Portugal’s Example: What Happened After It Decriminalized All Drugs, From Weed to Heroin
As diplomats gather at the United Nations in New York this week to consider the future of global drug policy, one Portuguese official, João Goulão, will likely command attention that far outstrips his country’s influence in practically any other area. That’s because 16 years ago, Portugal took a leap and decriminalized the possession of all drugs — everything from marijuana to heroin. By most measures, the move has paid off.
Today, Portuguese authorities don’t arrest anyone found holding what’s considered less than a 10-day supply of an illicit drug — a gram of heroin, ecstasy, or amphetamine, two grams of cocaine, or 25 grams of cannabis. Instead, drug offenders receive a citation and are ordered to appear before so- called “dissuasion panels” made up of legal, social, and psychological experts. Most cases are simply suspended. Individuals who repeatedly come before the panels may be prescribed treatment, ranging from motivational counseling to opiate substitution therapy.

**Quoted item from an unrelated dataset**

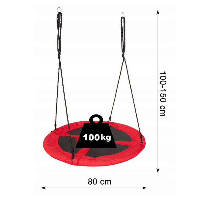 Caracteristicile produsului: - material scaun de inalta calitate - rezistent la conditiile meteorologice- sarcina maxima de pana la 100 kg- diametru sezut 80 cm- cadru durabil din otel asigurat cu spuma de aproximativ 1 cm- inaltime reglabila suspensie: de la aprox. 100 cm este aprox. 150 cm- franghii din nailon, aprox. 10 mm grosime- kit pentru auto-asamblare (accesorii de asamblare incluse)

“We had a lot of criticism at first,” recalled Goulão, a physician specializing in addiction treatment whose work led Portugal to reform its drug laws in 2000, and who is today its national drug coordinator. After decriminalizing, the first inquiries Portugal received from the International Narcotics Control Board — the quasi-judicial UN oversight body established by the UN drug convention system — were sharp and scolding.

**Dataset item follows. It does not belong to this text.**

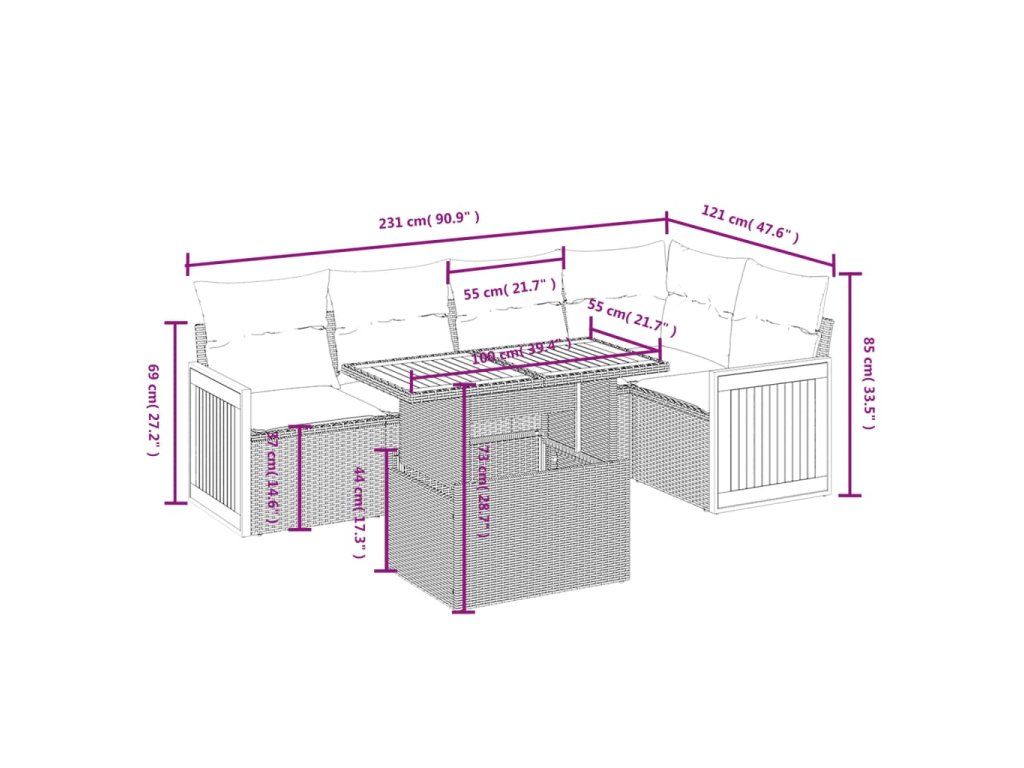 Tato zahradní sedací souprava je dokonalým doplňkem vaší zahrady, terasy nebo dvorku a poskytne vám pohodlné a příjemné místo, kde si můžete povídat s rodinou a přáteli nebo jen tak odpočívat a užívat si pobyt venku.

“Now things have changed completely,” he went on. “We are pointed to as an example of best practices inside the spirit of the conventions.” Indeed, Werner Sipp, the new head of the board, said as much at the UN’s Commission on Narcotic Drugs in Vienna earlier this year.
‘It was the combination of the law and these services that made it a success. It’s very difficult to find people in Portugal who disagree with this model.’
Though often narrowly assessed in reference to its decriminalization law, Portugal’s experience over the last decade and a half speaks as much to its free public health system, extensive treatment programs, and the hard to quantify trickle down effects of the legislation. In a society where drugs are less stigmatized, problem users are more likely to seek out care. Police, even if they suspect someone of using drugs, are less likely to bother them. Though at least 25 countries have introduced some form of decriminalization, Portugal’s holistic model and its use of dissuasion panels sets it apart.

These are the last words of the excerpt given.